Here, then, is this woman enthroned on this delusion; a very different position from that of the true church. The true church of the blessed God, whether her ministers or her members, they do not exalt themselves. True ministers of God humble themselves, and come before the people as fellowsinners before fellow-sinners, as fellow-mortals before fellow-mortals, as fellow-believers before fellow-believers, with no pretension whatever of a fleshly kind; yea, so far from that, he feels that he is not sufficient even to think a good thought in and of himself, but that his sufficiency is of the Lord; he lays open his conscience, and heart, and testimony to the people, and leaves them to judge.
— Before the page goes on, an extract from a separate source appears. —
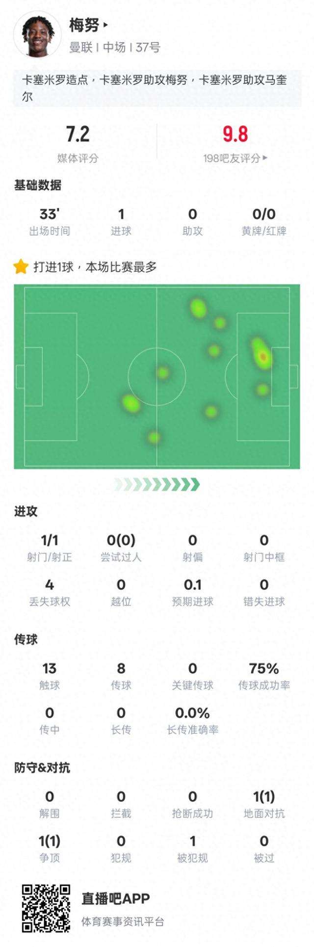 直播吧4月18日讯 欧联杯1/4决赛次回合,曼联加时5-4里昂,总比分7-6晋级。梅努本场比赛替补出战,贡献1粒进球,2次对抗均成功,评分7.2。

The true minister never imposes anything authoritatively upon the people; as said the apostle Paul, “We have no dominion over your faith, but are helpers together of your joy.” So, then, see the enthronement of the false church. But if we come to the enthronement of the true church, how different! I had intended to have said a few words upon this, but time forbids. I may just notice one scripture. “raised us up,” said the apostle, “and made us sit together,” not in places of human device, “in heavenly places,” of divine appointment, of divine constitution, of divine arrangement, divine provision; “made us sit together in heavenly places in Christ Jesus.” Thus he raises up the poor out of the dust, but he takes care first to bring them into the dust; he raises up the beggar from the dunghill, but he takes care first to turn the sinner into a beggar, and make him feel that his own sins are the dunghill of eternal infamy, to which be must be subjected but for the grace of God. Those that are thus brought down, these are they that he raises up out of the dust, and lifts them up from the dunghill of sin, and death, and delusion, and sets them with princes, princes of his people, making them inherit the throne of glory.

Oh, the mighty difference, then, between exaltation by human invention, and being raised up into sweet oneness with the Lord Jesus Christ! I should like to have had half an hour more; but your time is gone, and I will say no more.